Gentoo Forums
Gentoo Forums
Gentoo Forums
Quick Search: in
Weird permission overrides
View unanswered posts
View posts from last 24 hours

 
Reply to topic    Gentoo Forums Forum Index Networking & Security
View previous topic :: View next topic  
Author Message
arkane
l33t
l33t


Joined: 30 Apr 2002
Posts: 918
Location: Phoenix, AZ

PostPosted: Mon Oct 18, 2004 5:20 pm    Post subject: Weird permission overrides Reply with quote

I feel kind of weird about asking because it makes sense in an "oh god no..." way, but none the less here goes.

I noticed that when a directory is owned by root, and has write in the group, a person in that group can change the ownership of a file to themselves even if the file is read-only to them. Is this normal??

Example:

mkdir /shared-files
chown root:root /shared-files
chmod 770 /shared-files
touch /shared-files/root-owned-file
chmod 740 shared-files/root-owned-file
chgrp users /shared-files/root-owned-file
chgrp users /shared-files/root-owned-file

ls -ald /shared-files
drwxrw---- 2 root users 4096 Oct 18 10:08 /shared-files/
ls -ald /shared-files/root-owned-file
-rw-r----- 1 root users 0 Oct 18 10:08 /shared-files/root-owned-file

(now, go to a normal user who should have the group 'users' by default)
cd /shared-files
vi root-owned-files
type something into the file, and do a force-write (:w!)

The file will be owned by the user, even though they didn't have permission to edit the file. Remember, the file had read-only permission.

I've tested this with SuSE, Gentoo, Redhat (7.2/8.0/AS2.1/AS3.0), and BSD....

It seems really odd considering there are times when you have a single folder writable by many people (shared folder), but each file owned by a single user.

Though the /etc and /tmp directory seem to be immune to this.

Is this a vulnerability?
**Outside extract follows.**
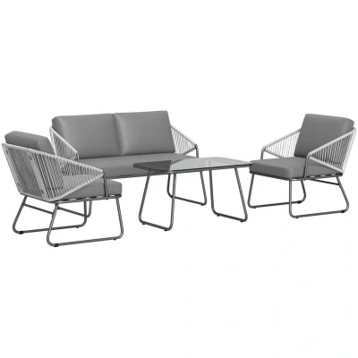 General description Outdoor relaxation done stylishly right with this Outsunny rattan sofa set. It includes a loveseat, two chairs, and a matching coffee table, making it perfect for any garden or patio setting. Technical specifications Colour: Grey, Dark Grey Material: Steel, PE Rattan, Polyester, Glass Loveseat Sofa Dimension: 107L x 70W x 69H cm Single Sofa Dimension: 68W x 70D x 69H cm Table Dimension: 80L x 50W x 43H cm Seat Size: 100W x 58D cm (loveseat), 50W x 58D cm (single) Seat Height (without cushion): 31 cm Back Length: 56 cm Cushion Thickness: 8 cm (seat), 15 cm (back) Weight Capacity: 240 kg (loveseat), 120 kg (single), 30 kg (table) Item Label: 860-380V70CG Usage Perfect for outdoor relaxation and entertaining. Thick seat and back cushions ensure comfort, with removable covers for easy washing. Glass tabletop is stylish and easy to clean. Other information This item ships and arrives in separate boxes. Box quantity: 2 Assembly required.
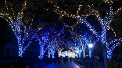中之島のいろいろな場所がイルミネーションで飾られていました。大阪市役所の横から中の島図書館へ続く遊歩道は、キラキラの街路樹と雪の結晶のアーチがまぶしかったです。夜は23時頃までやってるので、仕事やディナーの後にも散歩できて嬉しいです。

Well it IS a vulnerability, but is it an inherent vulnerability or a bug?
Back to top
View user's profile Send private message
tomk
Bodhisattva
Bodhisattva


Joined: 23 Sep 2003
Posts: 7221
Location: Sat in front of my computer

PostPosted: Mon Oct 18, 2004 5:48 pm    Post subject: Reply with quote

You want to have a look at what the sticky bit does in the chmod manpage. It is set on /tmp and you should also set it on other shared directories if you want only the file owner to be allowed to rename or delete the file.
_________________
Search | Read | Answer | Report | Strip
Back to top
View user's profile Send private message
meathoz
n00b
n00b


Joined: 18 Jan 2004
Posts: 61
Location: Finland

PostPosted: Mon Oct 18, 2004 5:49 pm    Post subject: Reply with quote

it's not a vulnerability nor a bug. and it makes perfectly sense too.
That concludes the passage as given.